The Act also envisions using funds earned by inmates to support the rehabilitation program, but the efficacy and the ethics of this approach remain dubious. It raises questions about the sustainability of a system that relies on the labour of vulnerable individuals who already face a myriad of challenges that extend beyond economic hardship. They are subjected to social stigma,discrimination, and sometimes, violence.
The absence of a stable source of income, shelter, and healthcare exacerbates their vulnerability, leaving them trapped in a cycle of poverty.The Bangladesh constitution guarantees the right to life, liberty, and equality among other fundamental rights. However, the very existence of laws criminalizing begging infringes upon these rights. The 2011 Act allows arbitrary detention and fails to provide due process, directly violating a series of constitutional provisions enshrined in articles 14(1), 15, 19(2), 26(1), 27, 28(1), 31, 32, 33(1). Internationally, judicial decisions have set precedents in recognizing and protecting the rights of beggars.

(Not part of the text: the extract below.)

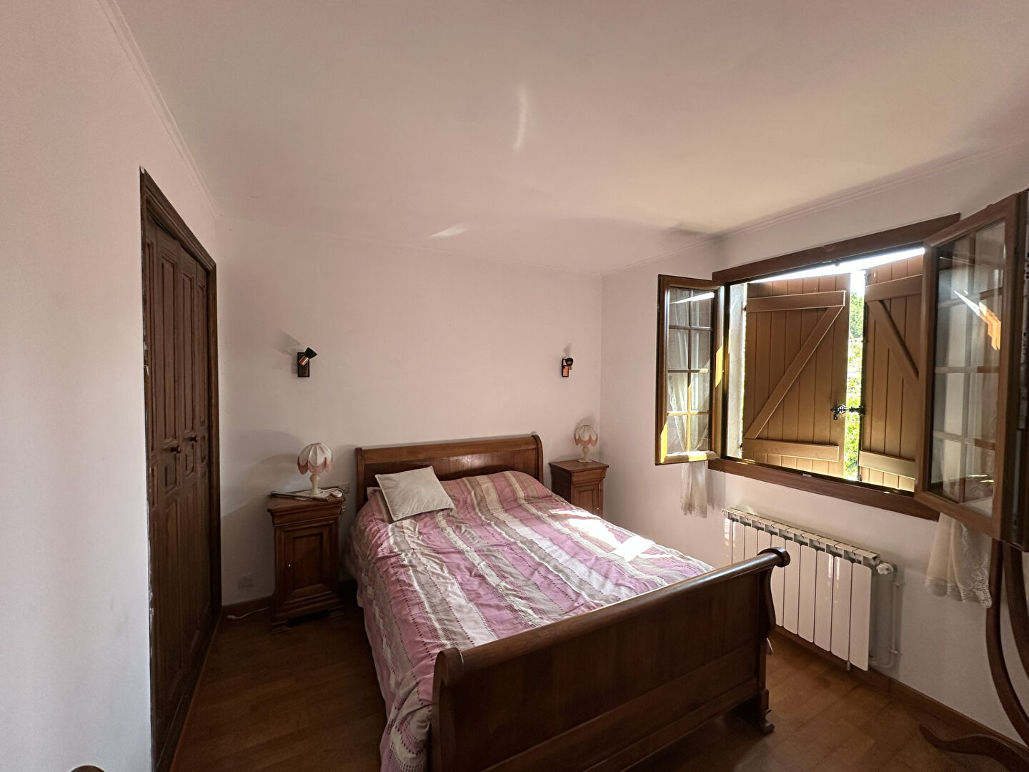 A l'étage, 2 chambres, une salle de bain avec wc, un débarras.

In Harsh Mander and Anr v Union of India and Ors, the Delhi High Court in August 2018, decriminalized begging while declaring provisions of laws criminalizing begging as “unconstitutional” and struck them down. The court emphasized the need for a compassionate approach, urging the government to focus on rehabilitation rather than punitive measures.
One such compassionate approach can be seen in the Lăcătuș v Switzerland (2021)

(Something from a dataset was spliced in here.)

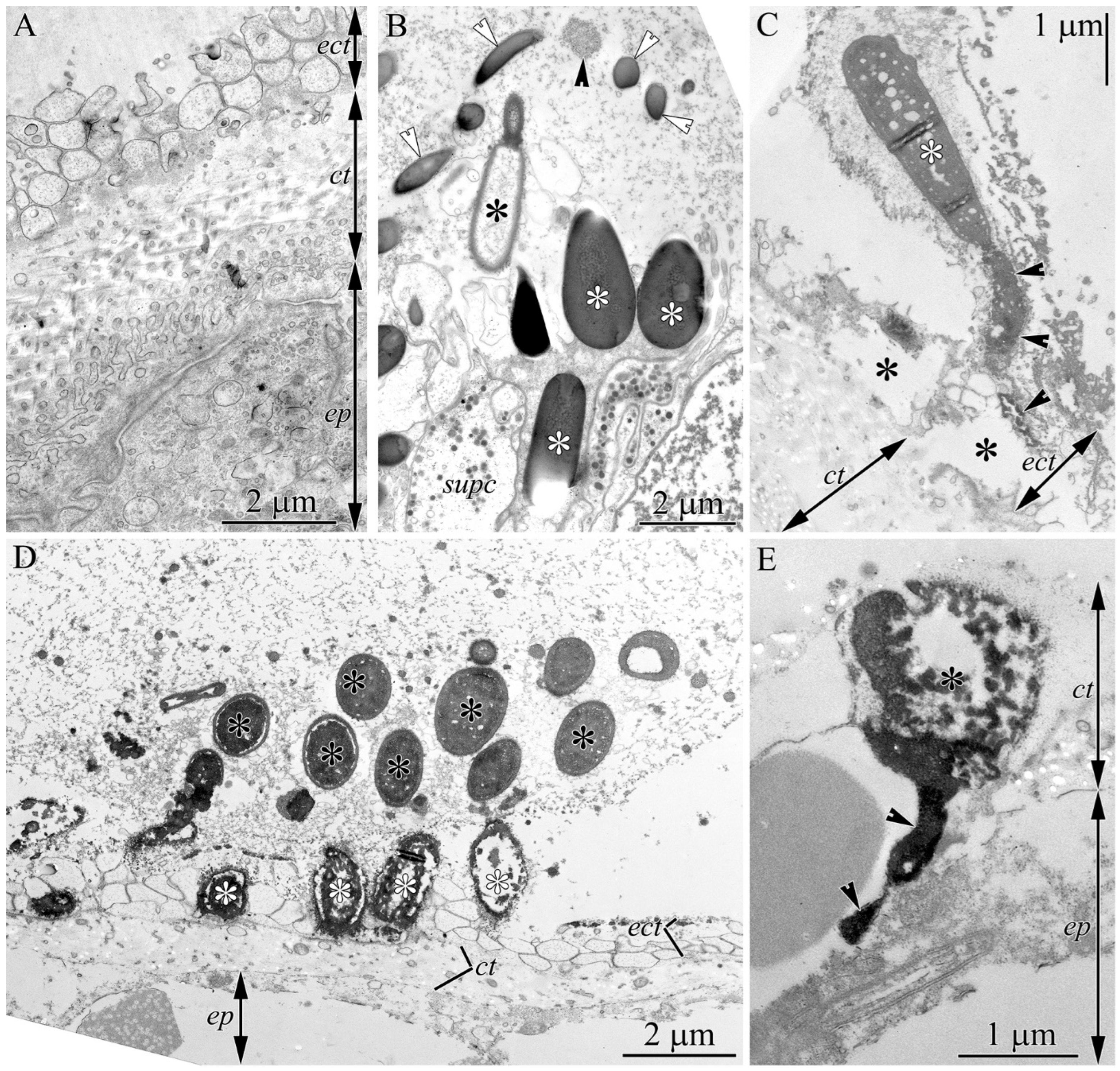 - Montalvo, S.; Roldán, C.; Junoy, J.; García-Corrales, P. Ultrastructural study of two glandular systems in the proboscidial glandular epithelium of Riseriellus occultus (Nemertea, Heteronemertea). Zoomorphology 1998, 117, 247–257. [Google Scholar] [CrossRef]

case, where the European Court of Human Rights made an innovative move declaring begging a human rights issue for the first time because of the vulnerability of the woman fined for begging. In Bangladesh, in Ain o Salish Kendra (ASK) and BLAST vs Bangladesh and Others (2011) case, BLAST and ASK challenged the legitimacy of the government’s Beggar’s Rehabilitation and Alternative Employment Program, arguing that it violated fundamental rights and existing laws. The case highlighted the tension between social welfare programs and individual rights and remains pending reflecting the ongoing struggle to balance the protection of vulnerable populations with the implementation of government initiatives.
Bangladesh, as a member of the international community, has committed to upholding human rights standards. Despite these commitments, the existing legal framework in Bangladesh falls short of meeting these international standards. However, addressing the issue of beggary requires a multifaceted approach that goes beyond mere legal reforms. Durable solutions must encompass social, economic, and healthcare interventions. Rehabilitation programs should focus on skill development, mental health support, and community integration. This legal discussion emphasizes the importance of a rights-based approach rather than employing punitive measures when it comes to begging. Begging itself should not be considered a human right, however, a ban on begging in a poverty-stricken country results in human rights violations.
Lastly, revising the Act to align with international human rights standards and
creating a culture of empathy and understanding is not just a legal obligation, it is a moral imperative that reflects equality, justice and non-discrimination. As the government makes efforts to solve the problem of begging, commendable initiatives such as Ekti Bari, Ekti Khamar (One House, One Farm) should be promoted instead of criminalizing the victims of immense poverty. However, punitive measures should be used against criminally organized beggar gangs who exploit the vulnerable.
Hasan Muhammad Roman works as Assistant Professor at the Department of Law, University of Chittagong.